In the era of voice-enabled devices like Google Assistant, Amazon Alexa it’s quite obvious that In the near future, there will be more or less support of voice-enabled services in every aspect of our routine life.

As it provides better interactivity and easy accessibility, it’ll be a game-changer for the next generation. There are already smart houses out there where every single thing in your house can talk to you and respond to your command. There is neither GUI nor content needed in voice-enabled devices, the only concerning factor is speed. You can get a faster response compared to all other technologies.

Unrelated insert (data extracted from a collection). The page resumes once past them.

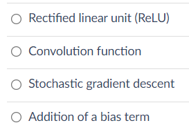 A rectified linear unit is a function that can add non-linearity to a neural network. Convolution and addition may be steps in a neural network but they do not add non-linearities.
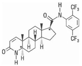 Dutasteride is chemically designated as (5α,17β)-N-{2,5 bis(trifluoromethyl)phenyl}-3-oxo-4- azaandrost-1-ene-17-carboxamide. The empirical formula of dutasteride is C27H30F6N2O2, representing a molecular weight of 528.5 with the following structural formula:
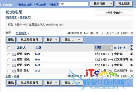 邮箱用的时间久了,里面的邮件会越来越多,如果日后想查看以前收到的邮件,怎么办呢?一页一页的查找就显的过于麻烦了。雅虎邮箱可以为我们很方便的解决这个问题,只要在邮箱里面搜索框中输入要搜索的关键字,然后点击“搜索电邮”就可以对所有邮件进行搜索(如图4所示)。这样就可以大大方便邮件的管理了。同时我们也可以对输入的关键字进行网上搜索,只要点击“网上搜索”按钮,就可以通过互联网进行搜索输入的关键字了。
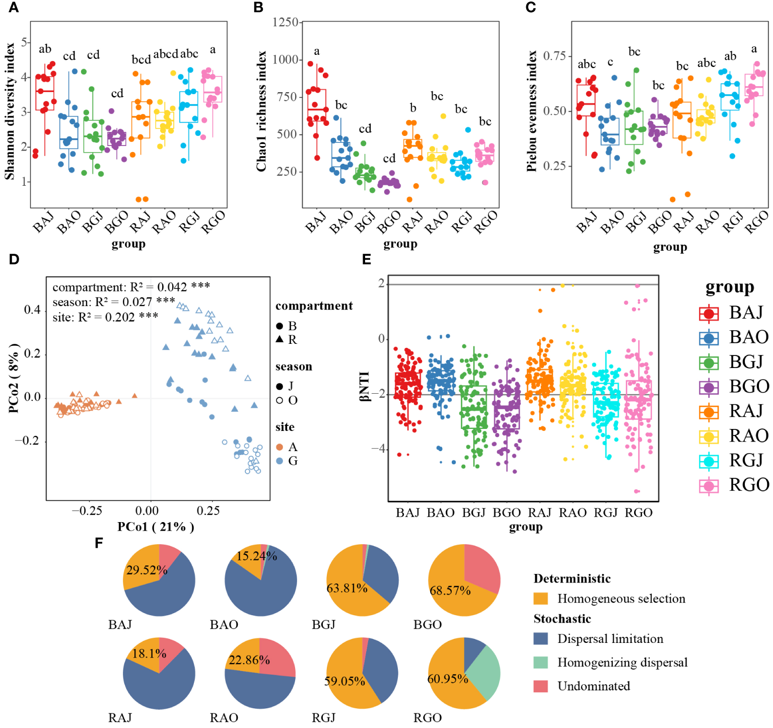 3.3 Fungal diversity and community assembly processes among different compartments, seasons, and sites

There are so many libraries and API out there, you can use to get started with your voice bot like

Microsoft Bing Speech
Google Web Speech API
Google Cloud speech
IBM speech to text
Wit.ai

We are going to use Google web speech API from speechRecognition library. It’s easy to use as it has a default API key that is hard-coded into the SpeechRecognition library.
So that you can get started using it without any configuration and authentication process. Of course like every other API it has a daily limit of 50 requests. And we can’t raise the limit by any chance. so this is the best API you can use for experiment purposes. For production or live scenarios, you’ll have to purchase paid services from the above-mentioned APIs.

There will be a three-step process for every voice-enabled device –

Speech to Text: In this phase, we are going to let our bot understand what we are talking about. We’ll provide either an audio file or a direct stream from our mic. The bot will convert this sound signal into text using our google speech recognition API.
Processing: After converting your voice into a text bot will process your text and respond the same as a text-based bot will do. The process can be either to search a song from the web or can be to set an alarm or reminder.
Text to speech: After the bot completed its processing and ready with your output stream or data, the last step is to give the user that processed response in voice form, which can be achieved using the google TextToSpeech library.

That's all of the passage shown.